> [DATA FOR REVIEW]
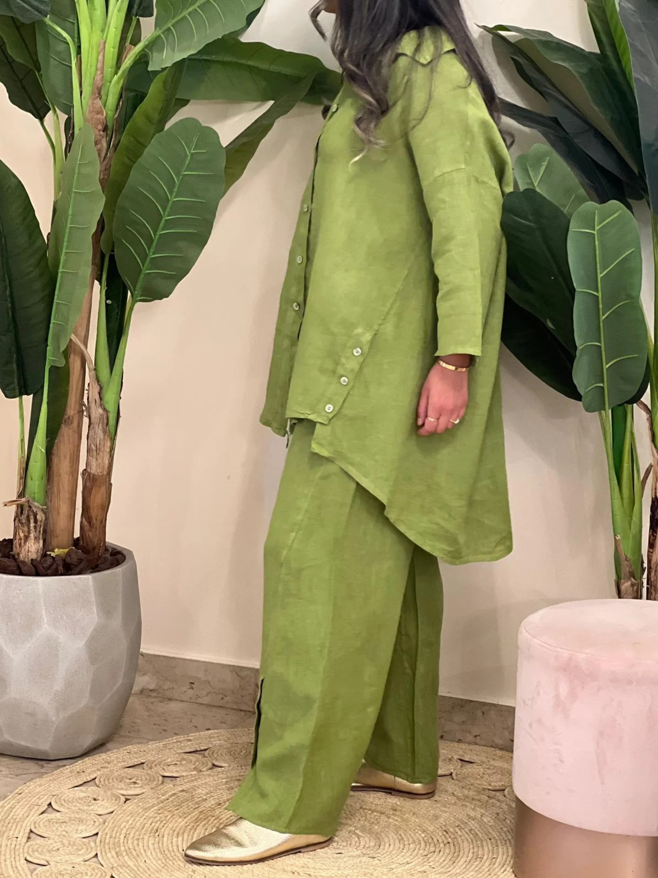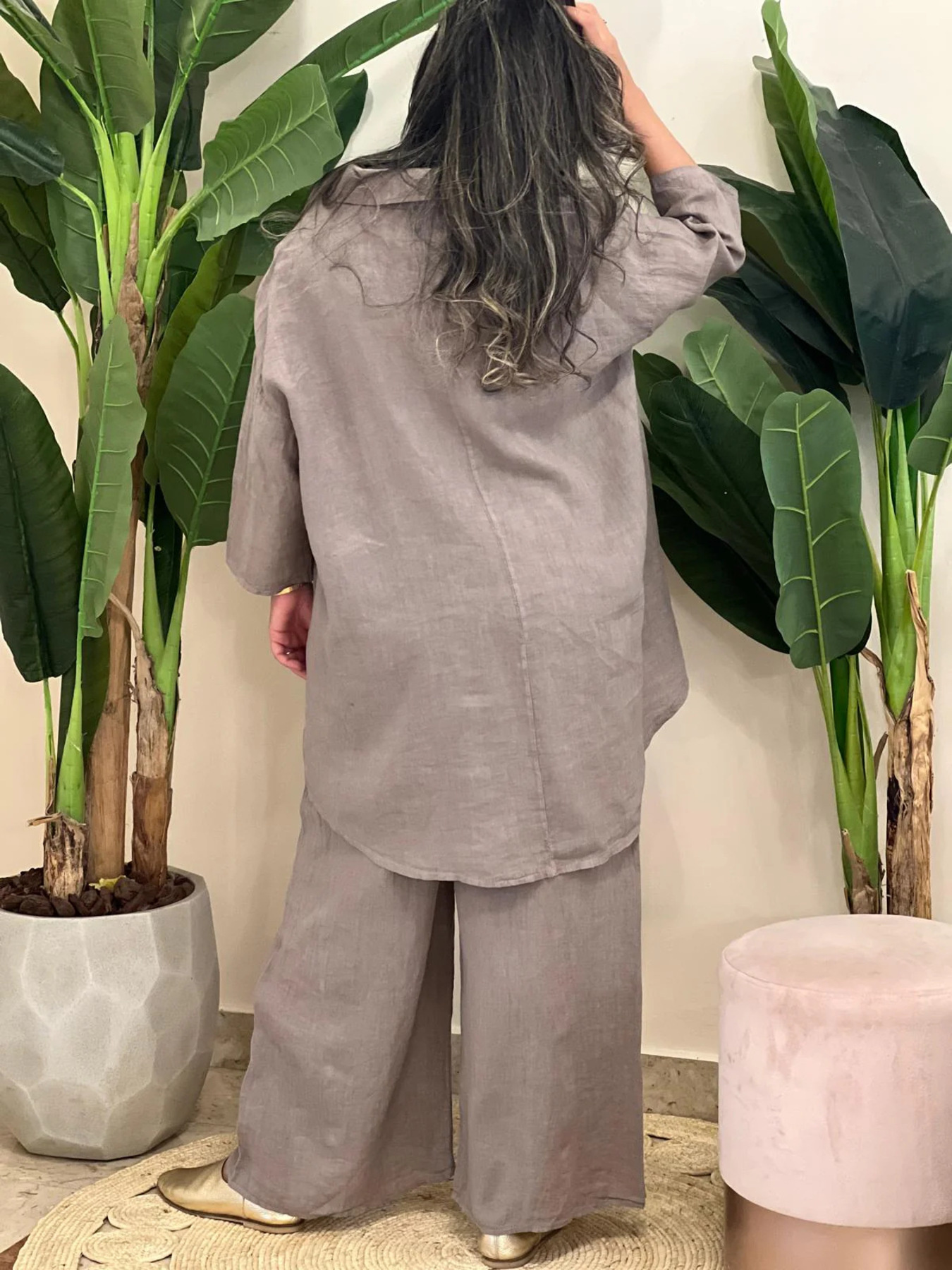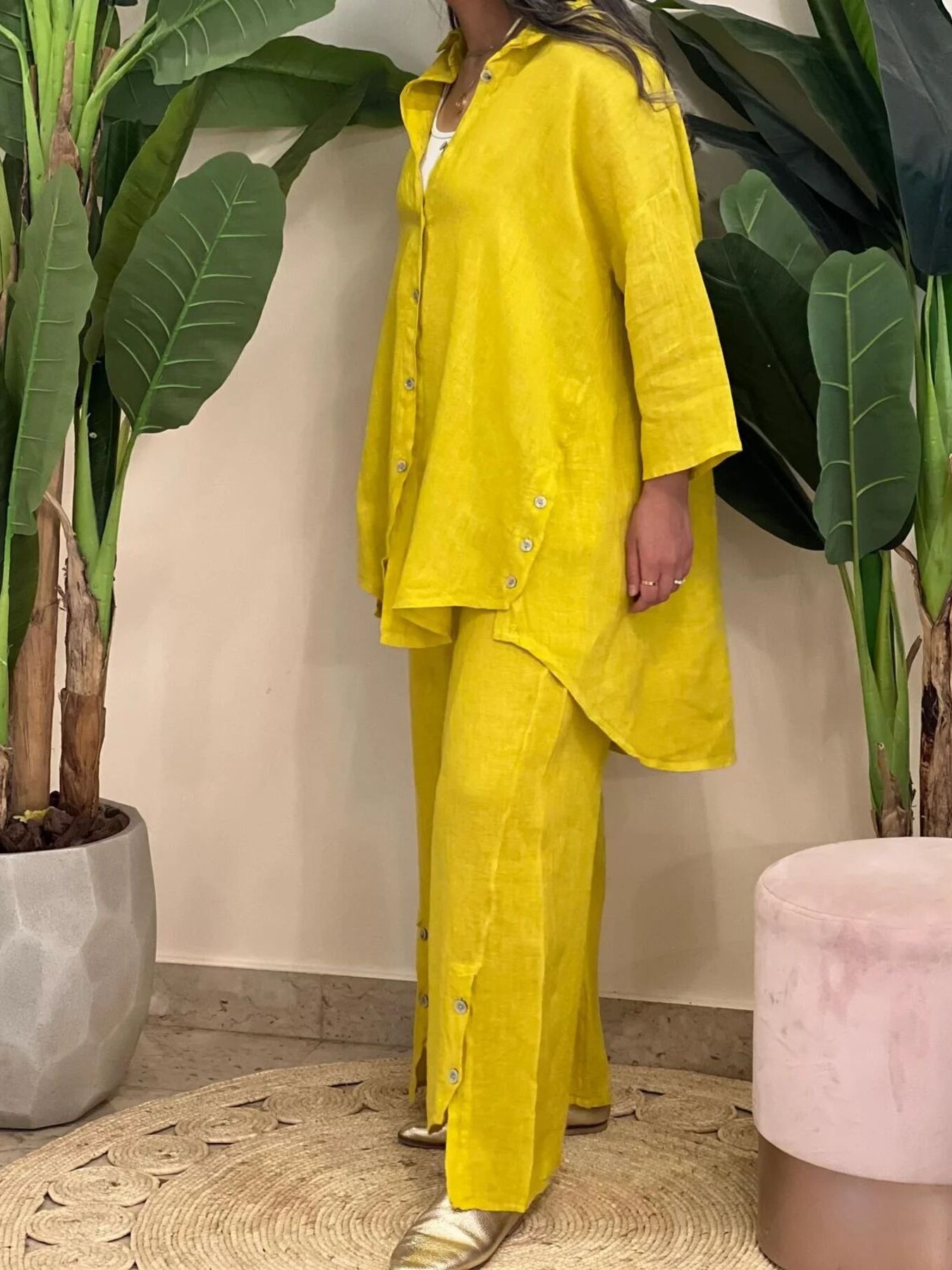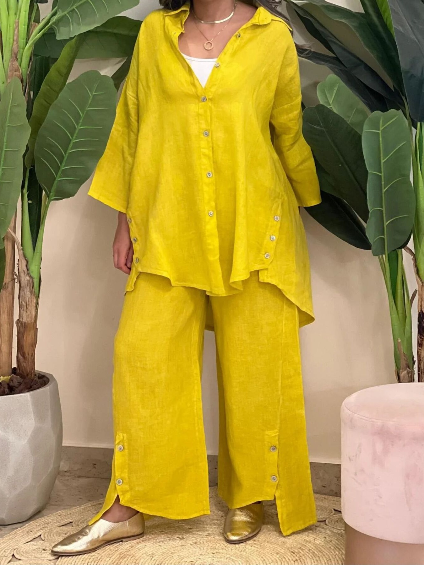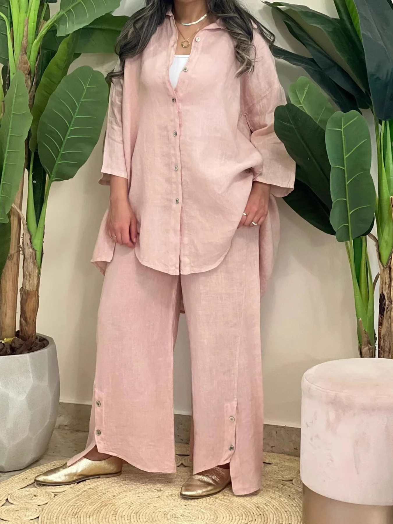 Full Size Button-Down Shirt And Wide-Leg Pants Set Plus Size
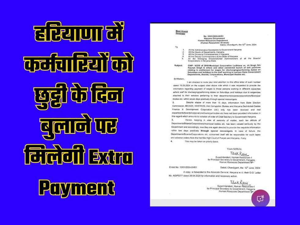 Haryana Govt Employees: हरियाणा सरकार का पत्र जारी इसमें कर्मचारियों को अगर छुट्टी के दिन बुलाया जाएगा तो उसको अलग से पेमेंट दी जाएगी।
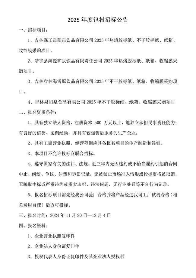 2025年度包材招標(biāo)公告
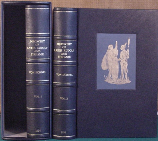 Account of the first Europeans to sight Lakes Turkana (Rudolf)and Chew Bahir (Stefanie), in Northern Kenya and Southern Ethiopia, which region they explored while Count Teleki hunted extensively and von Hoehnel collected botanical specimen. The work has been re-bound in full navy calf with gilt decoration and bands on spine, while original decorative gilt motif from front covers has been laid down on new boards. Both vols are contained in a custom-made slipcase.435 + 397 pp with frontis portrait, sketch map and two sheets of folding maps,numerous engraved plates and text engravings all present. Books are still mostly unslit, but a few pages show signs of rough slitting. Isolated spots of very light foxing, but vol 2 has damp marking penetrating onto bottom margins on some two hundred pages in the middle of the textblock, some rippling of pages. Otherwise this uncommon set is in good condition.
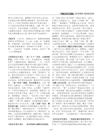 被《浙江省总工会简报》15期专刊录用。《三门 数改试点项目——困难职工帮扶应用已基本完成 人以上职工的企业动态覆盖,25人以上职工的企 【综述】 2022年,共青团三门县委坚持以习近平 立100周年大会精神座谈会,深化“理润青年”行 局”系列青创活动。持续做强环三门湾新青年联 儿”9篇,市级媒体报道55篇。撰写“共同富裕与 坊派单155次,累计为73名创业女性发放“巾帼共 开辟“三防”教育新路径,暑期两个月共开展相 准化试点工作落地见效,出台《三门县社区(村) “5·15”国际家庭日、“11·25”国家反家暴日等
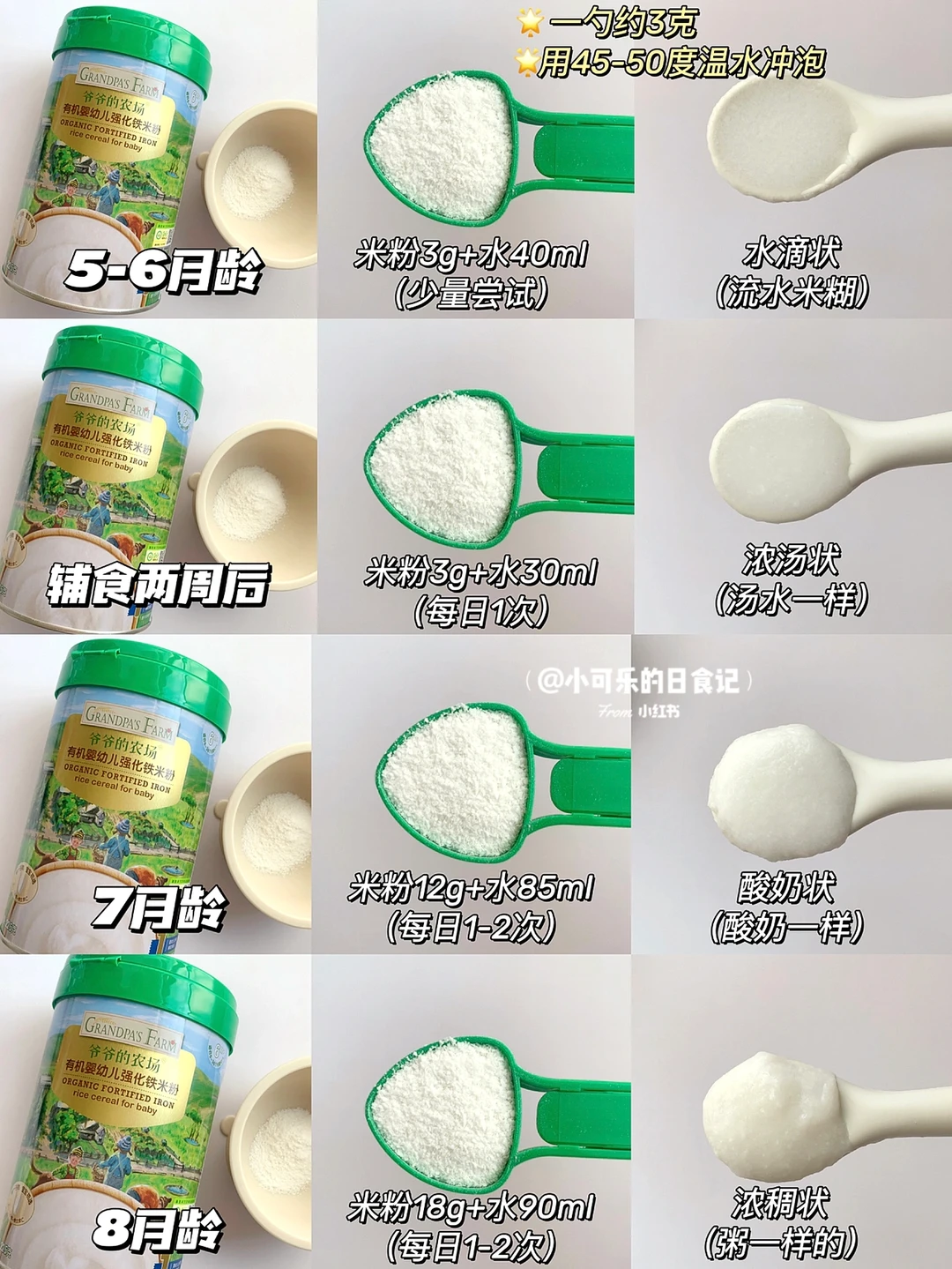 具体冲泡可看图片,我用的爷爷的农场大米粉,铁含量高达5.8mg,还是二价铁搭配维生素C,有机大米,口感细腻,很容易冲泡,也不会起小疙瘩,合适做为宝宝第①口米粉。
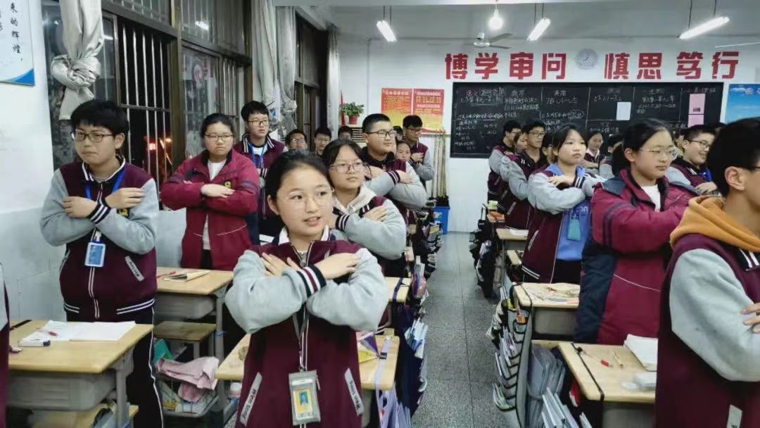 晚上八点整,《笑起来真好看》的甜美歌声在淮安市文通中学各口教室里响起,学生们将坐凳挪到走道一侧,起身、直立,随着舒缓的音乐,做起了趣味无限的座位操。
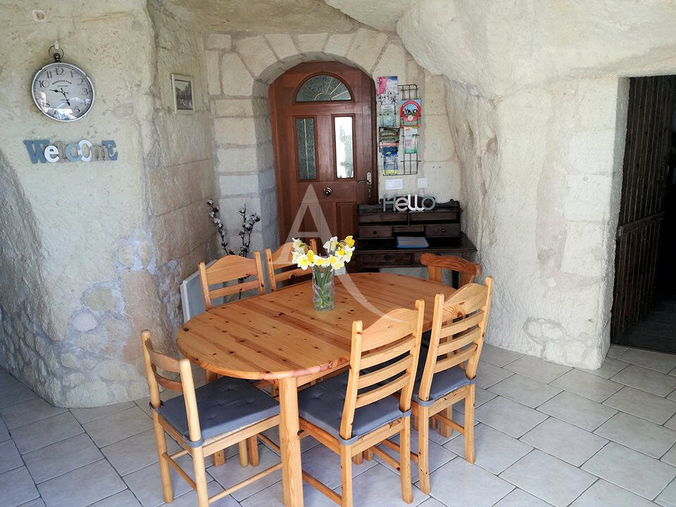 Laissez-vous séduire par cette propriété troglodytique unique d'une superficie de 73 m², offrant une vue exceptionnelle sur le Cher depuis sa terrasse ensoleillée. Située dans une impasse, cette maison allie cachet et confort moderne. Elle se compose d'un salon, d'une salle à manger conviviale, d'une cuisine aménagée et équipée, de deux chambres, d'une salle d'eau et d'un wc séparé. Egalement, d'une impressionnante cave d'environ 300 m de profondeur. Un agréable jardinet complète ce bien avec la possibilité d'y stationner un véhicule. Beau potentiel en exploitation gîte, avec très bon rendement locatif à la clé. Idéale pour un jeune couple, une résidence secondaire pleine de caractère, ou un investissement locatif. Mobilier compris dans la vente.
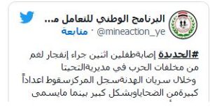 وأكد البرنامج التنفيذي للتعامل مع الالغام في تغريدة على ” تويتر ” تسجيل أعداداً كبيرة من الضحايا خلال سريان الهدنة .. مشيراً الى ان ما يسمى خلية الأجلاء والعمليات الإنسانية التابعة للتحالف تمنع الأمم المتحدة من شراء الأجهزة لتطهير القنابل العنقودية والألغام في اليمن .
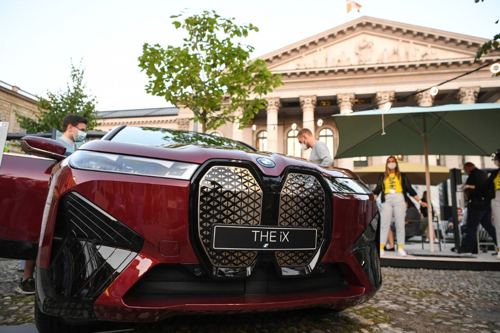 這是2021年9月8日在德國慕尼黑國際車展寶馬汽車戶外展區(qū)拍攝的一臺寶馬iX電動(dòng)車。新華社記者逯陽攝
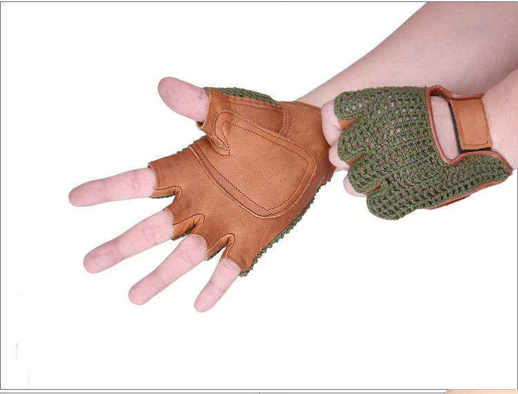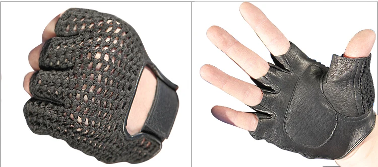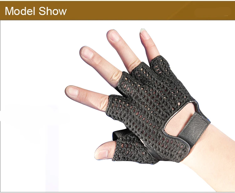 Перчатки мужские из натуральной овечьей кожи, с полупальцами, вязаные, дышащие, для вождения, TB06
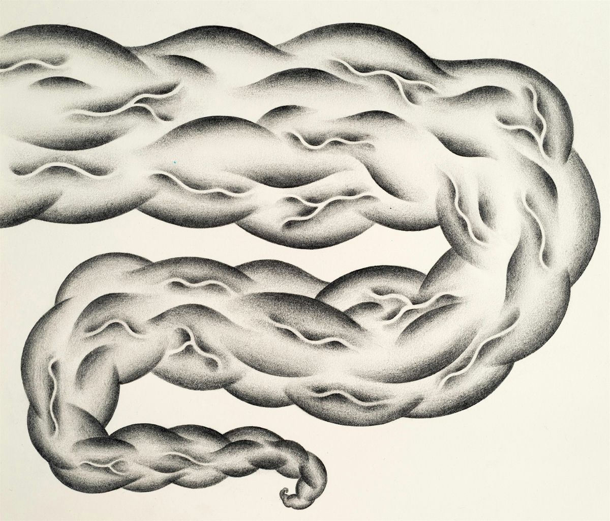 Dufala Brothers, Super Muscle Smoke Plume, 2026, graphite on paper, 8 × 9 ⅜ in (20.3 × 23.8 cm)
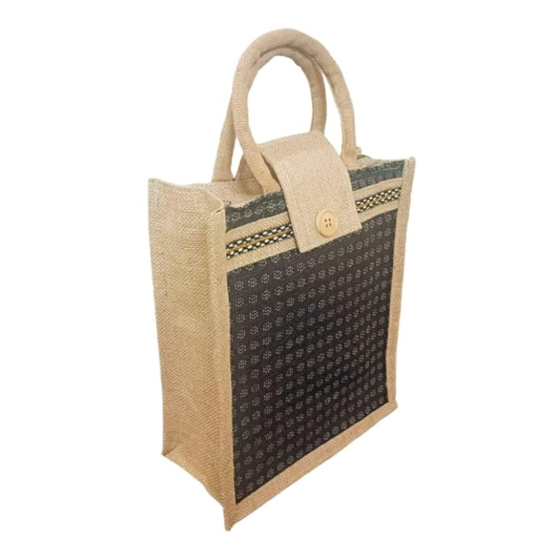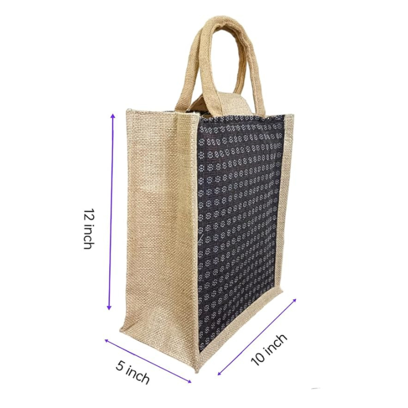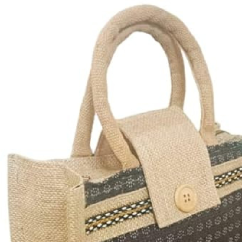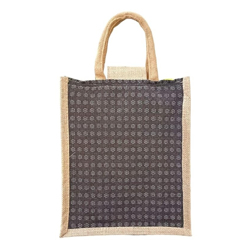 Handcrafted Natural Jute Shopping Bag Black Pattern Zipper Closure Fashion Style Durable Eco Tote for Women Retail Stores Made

> [WORK REQUEST] Reproduce, exactly and without pictures, the lines above from the one containing "Dufala Brothers, Super" through the last line of the material, both ends included, and nothing more.

> [SOLUTION TO THIS PROBLEM]
 Dufala Brothers, Super Muscle Smoke Plume, 2026, graphite on paper, 8 × 9 ⅜ in (20.3 × 23.8 cm)
 Handcrafted Natural Jute Shopping Bag Black Pattern Zipper Closure Fashion Style Durable Eco Tote for Women Retail Stores Made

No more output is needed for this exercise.